Singapore Temasek puts Tuas Power up for sale

Posted on October 19th, 2007 by Mindy Yong.
Categories: Singapore News.

Singapore Temasek puts Tuas Power up for sale

Bid may go up to $3b; sale draws eyes of SembCorp, Keppel and Tokyo Electric
By Bryan Lee
POWER DEAL: Temasek’s three genco assets - Tuas Power, PowerSeraya and Senoko Power - could fetch $9 billion in all. — PHOTO: TUAS POWER

TEMASEK Holdings yesterday launched the first sale of Singapore’s three major power generation companies (gencos), putting Tuas Power on the block.
The long-awaited deal could be valued at as much as $3 billion and will set the pace for later sales of Temasek’s two other gencos: PowerSeraya and Senoko Power.

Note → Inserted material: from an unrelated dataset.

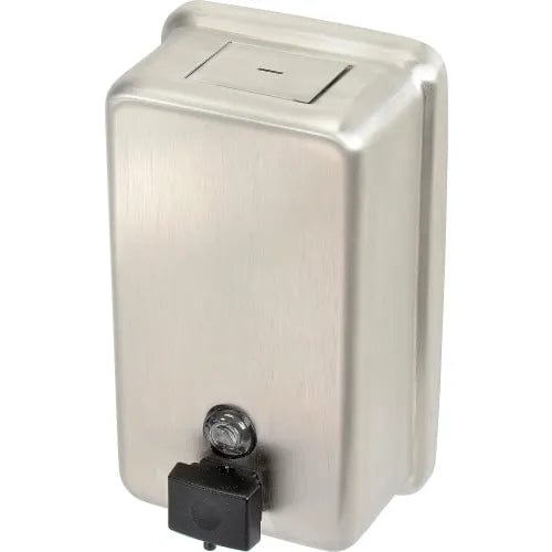 ClassicSeries™ Soap Dispenser is ideal for restrooms in offices, restaurants, health care facilities, schools, hospitals, and more. Vertical tank is constructed of durable, corrosion resistant stainless steel with a satin finish, and is vandal-resistant. Valve dispenses commercially marketed all-purpose hand soaps. Features concealed wall fastening, with hinged filler top that requires special key to open. Valve operates with less than 5 lbs. of force. Soap refill window allows for easy maintenance. 40-oz. capacity. Dimensions: 4-3/4"W x 3-1/2"D x 8-1/8"H.
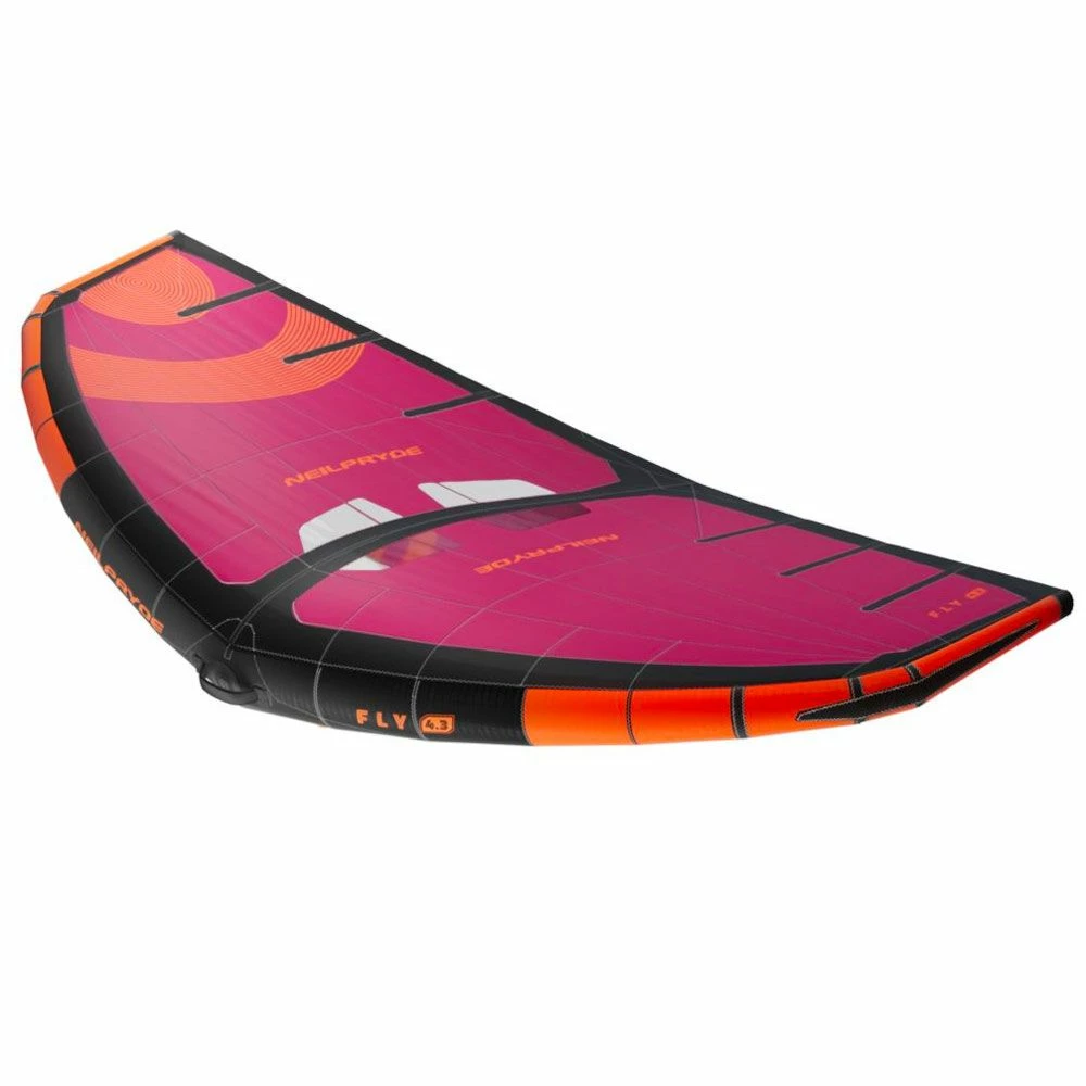 This wing from Neilpryde has a super efficient design. The Delta shape is optimized and has the ultimate power and speed at any size. The clever design allows you to always sail the wing one size smaller than you are normally used to. The smaller size maintains maneuverability and a comfortable feel. The Fly Wing has high elevator and optimized wingtips.

Already, potential buyers - both local and foreign - have begun talking to bankers to raise funds for the deal, according to newswire reports.

But they are keeping their cards close to their chests.

SembCorp Industries, Keppel Corp, CitySpring Infrastructure Trust and Tokyo Electric Power said they were interested in the gencos, but stopped short of confirming that they would take part in the tender.

The sale of the three gencos is a key step in the liberalisation of the domestic energy market and has been in the pipeline for six years.

‘We feel that this is an optimal time to divest, primarily because there’s a favourable merger and acquisition environment out there,’ said Temasek assistant director Chuah Kee Heng at a press conference.

‘The Singapore economy continues to show strong results and should do so in the near future as well,’ he added.

The launch of the Tuas tender comes four months after Temasek announced plans to sell off the gencos within 12 to 18 months.

The utility assets had been transferred from the state to the investment company between 1995 and 2001 on the understanding that it would eventually sell all three companies.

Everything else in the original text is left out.